There are four large sets of residual soils in the Taboca and Taboquinha Ribeirões sub-basins . These residual soils are deposited on the saprophytes of the Paranoá and Canastra groups. The soil of the area is divided as quartzarenic neosoils, latosols red-yellow, cambisols, and plintossolos (Figure 3). In the geomorphological context, the Taboca-Taboquinha sub-basin is located in the São Bartolomeu Rio Superior Course Unit. The Taboca-Taboquinha sub-basin is subdivided into seven geomorphological units as plateau plateau, elevated plateau, smooth section, dissection unit-high course, dissection unit-low course, dissection unit-lower middle course, dissection unit-middle higher course [15,16].

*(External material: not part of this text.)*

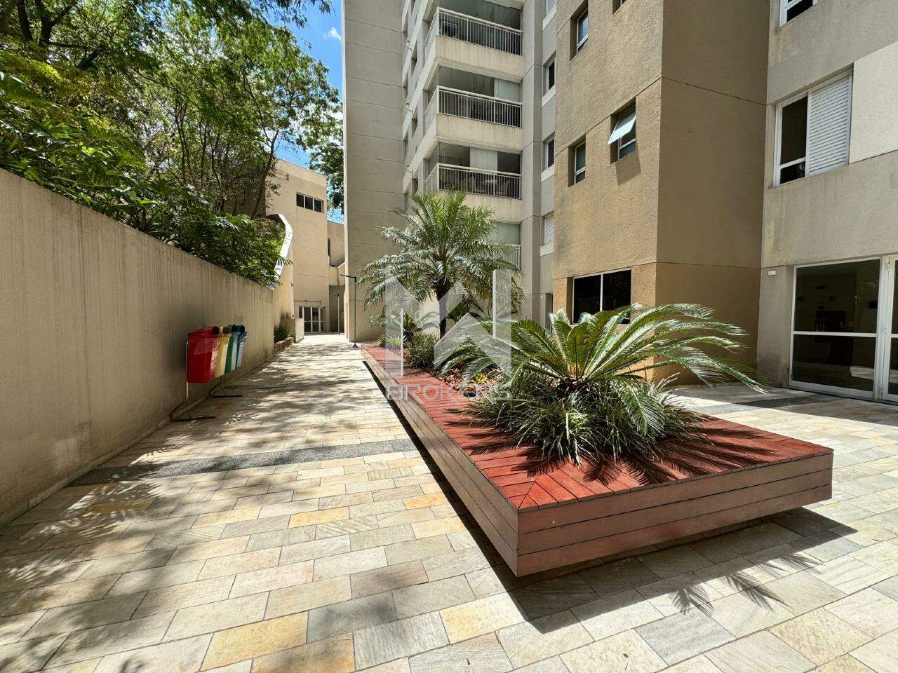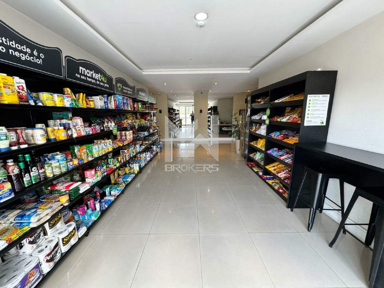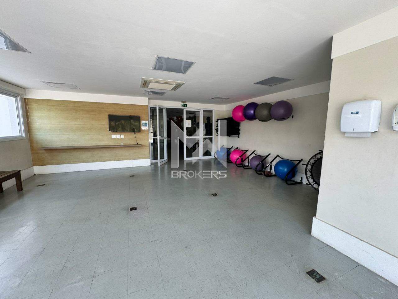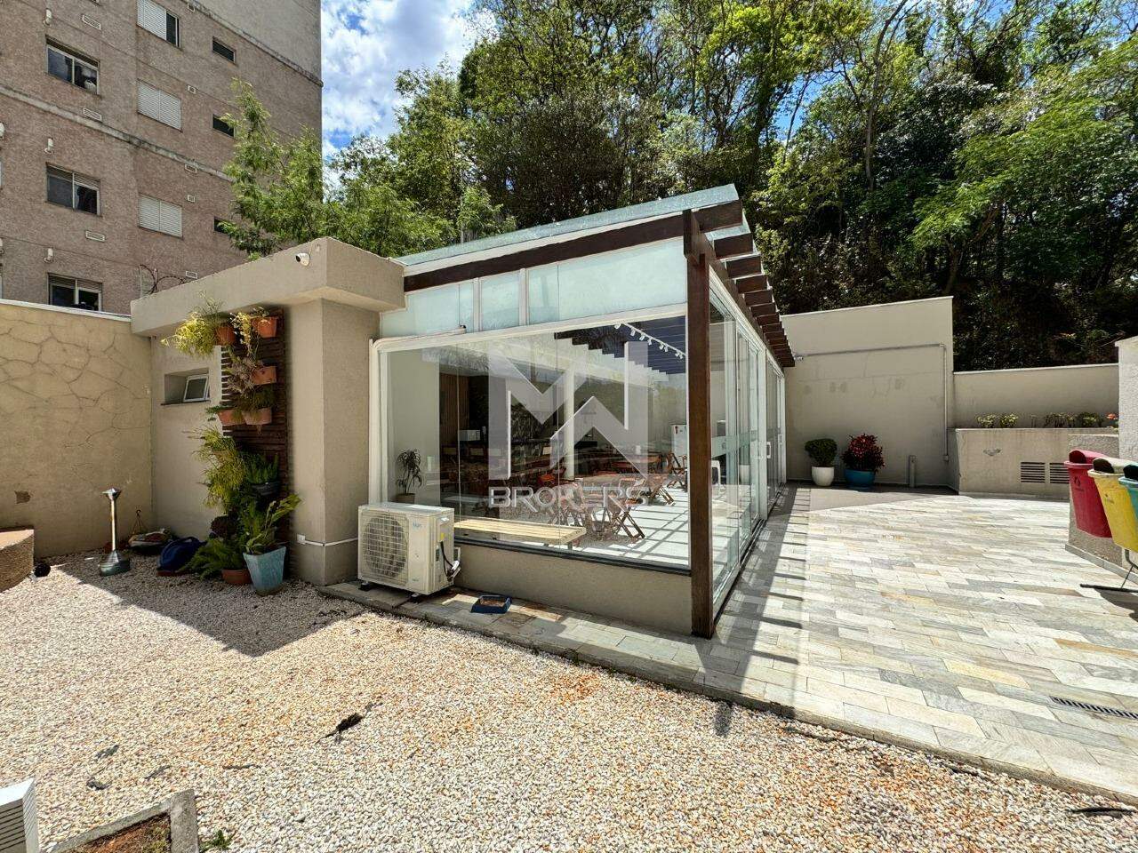 A varanda gourmet com churrasqueira a carvão e fechamento em vidro complementa a área de convivência. A cozinha planejada conta com armários embutidos e piso em porcelanato, assim como a área de serviço, também equipada com armários.

The pioneering work on the hydrogeology of the Federal District was carried out by Romano and Rosas . Subsequently, the contributions of Barros  were important for the assessment of groundwater in the region. After that, a succession of works has been developed in the region.
3 Aquifer domains
The Brazilian hydrogeological system is dominated by aquifers developed in fissures, covered by weathering layer of soils and altered rocks having variable hydrogeological characteristics (permeability and thickness). In Brasilia, two distinct aquifer domains are presented, namely: (i) Porous domain aquifers (PDA) and (ii) Fractured domain aquifers (FDA) (Table 1).

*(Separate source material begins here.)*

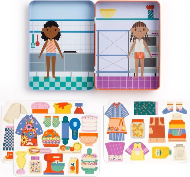 A MUDPUPPY Lehetek szakács mágneses készlet órákon át tartó, ötletes szórakozást nyújt a gyerekeknek. A könnyen tisztítható fémdobozban két színes konyhai jelenet és több mint 40 mágneses ruha- és konyhai kiegészítő található. A gyerekek kombinálhatják a figurákat, saját történeteket alkothatnak főzésről és sütésről, miközben fejlesztik képzelőerejüket.

Since there are no sedimentary rocks with interstitial spaces, this domain consists of soils and the mantle of rock alteration (saprolite) in the area. Locally, the importance of aquifers in this domain is linked with several parameters, out of which only two are highlighted here: saturated thickness (b) and hydraulic conductivity (K), both are related with geology and geomorphology of their parent rocks. The domain is further subdivided into three systems: areas with latosols (Paranoá rocks), areas with structural soils (pelitic and carbonate rocks of the Paranoá group), and areas with cambisoils and neosoils (pelitic/claystone rocks of the Paranoá and Canastra groups). These sub-domains are named as P1, P2, P3, and P4, based on the “b” and “K” values (Table 1). The aquifers in the porous domain within the study area are of P3 and P4 subsystems with the argisoils/nitosoils and cambisoil/lithosoils, respectively. The P3 has a large thickness (>5 m) and low hydraulic conductivity, while P4 has smaller thicknesses (usually less than 1 m, but it can reach 2.5 m) and low hydraulic conductivity. The P4 water flow is very restricted, generally smaller than 300 L/h and shallow wells are installed in this aquifer, not present in the studied area but are quite common in the surroundings.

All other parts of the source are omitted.